Despite the taboo on politics, observers attached deep political significance to the Smith-Moody meeting, started a conversational boom for a Democratic 1928 national ticket with Governor Moody as Governor Smith's running mate. Should the Democrats nominate Governor Smith, the "logical" vice presidential candidate would be a dry Southerner, and Governor Moody has come into national prominence as the result of his having eliminated the Ferguson family from Texas politics. But attempts to interpret the meeting as a great Democratic get-together failed, inasmuch as neither of the principals mentioned politics and as Governor Moody's attitude was restrained almost to indifference. Political advisers in Texas are said to have cautioned Governor Moody against being drawn into anything approaching an endorsement of any candidate, presumably on the theory that there is no point in climbing into a wagon before you know it is the bandwagon.
Lowden.
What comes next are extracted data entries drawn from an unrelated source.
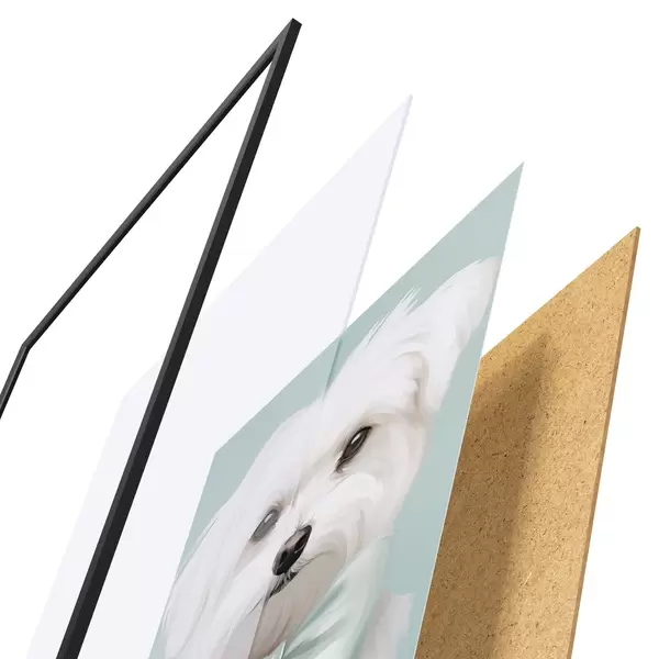 De poster bestaat uit een frame, plexiglas, geprinte afbeelding en spaanplaat achterkant. De poster kan meteen aan de muur worden gehangen dankzij de bevestigingen op de achterkant.
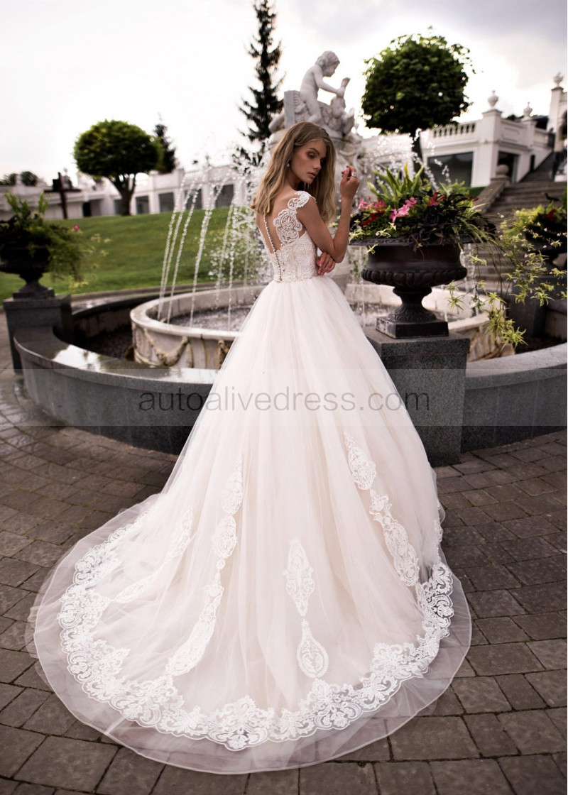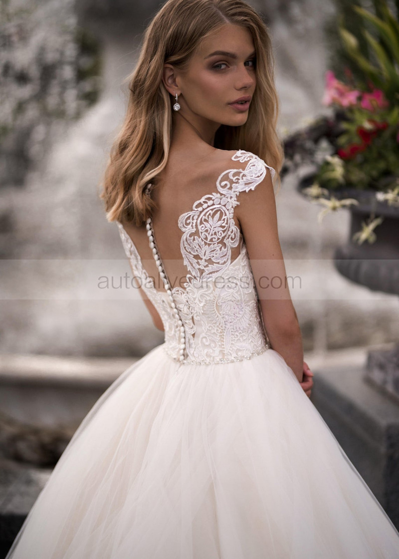 Ivory Lace Tulle Simple Princess Wedding Dress
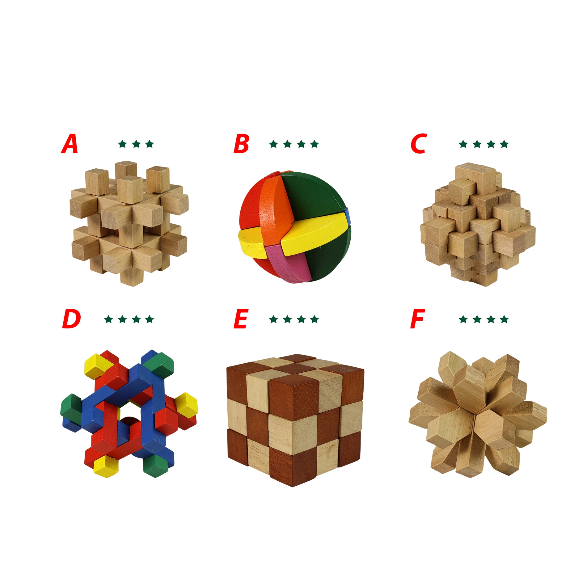 Тази дървена главоблъсканица е идеален избор за всеки, който иска да тренира уменията си за решаване на задачи. Предлагаме я в шест разнообразни варианта, които осигуряват различни нива на предизвикателство.
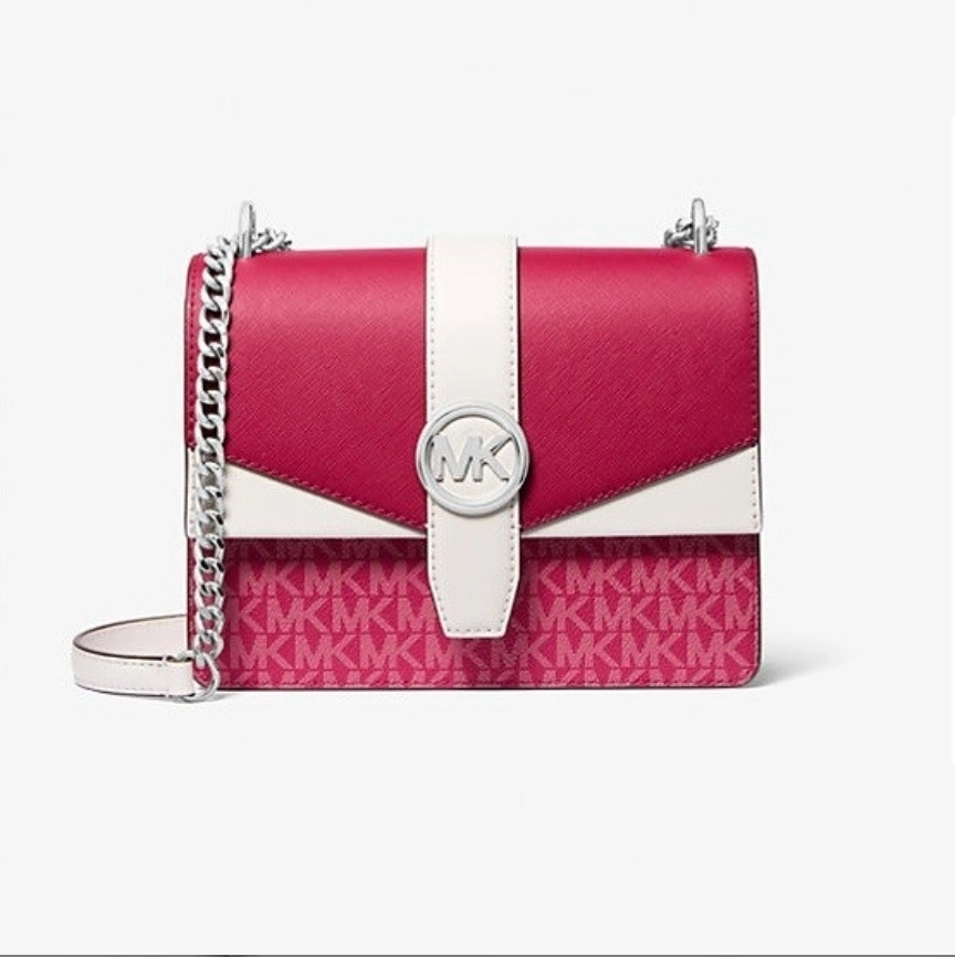 Here's a Michael Kors Greenwich small crossbody bag. It's a stylish accessory with a chain strap and the MK logo. Originally bought for $578
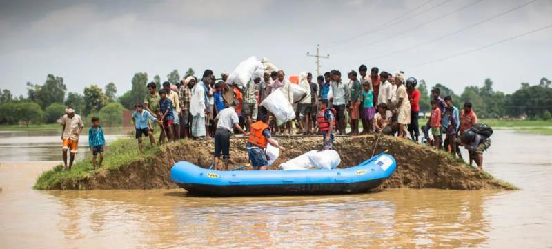 ©? 聯(lián)合國兒童基金會/Samir Jung Thapa 食物和飲用水通過木筏運(yùn)送到尼泊爾班克縣的一個村莊,當(dāng)時該村的道路因暴雨而被切斷。

Last week Indiana Republicans called on onetime (1917-21) Governor Frank O. Lowden of Illinois, asked permission to use his name as presidential candidate in the Indiana preferential primary in 1928. Answered Mr. Lowden: "All I can say is that I know of no man in all our history who has run away from the Presidency." Not long ago Mr. Lowden had told an Iowa delegation that "No man is too big to refuse the support of any state as a candidate for the
Republican nomination for President." Observers agree that both statements permit the interpretation that Mr. Lowden is receptive.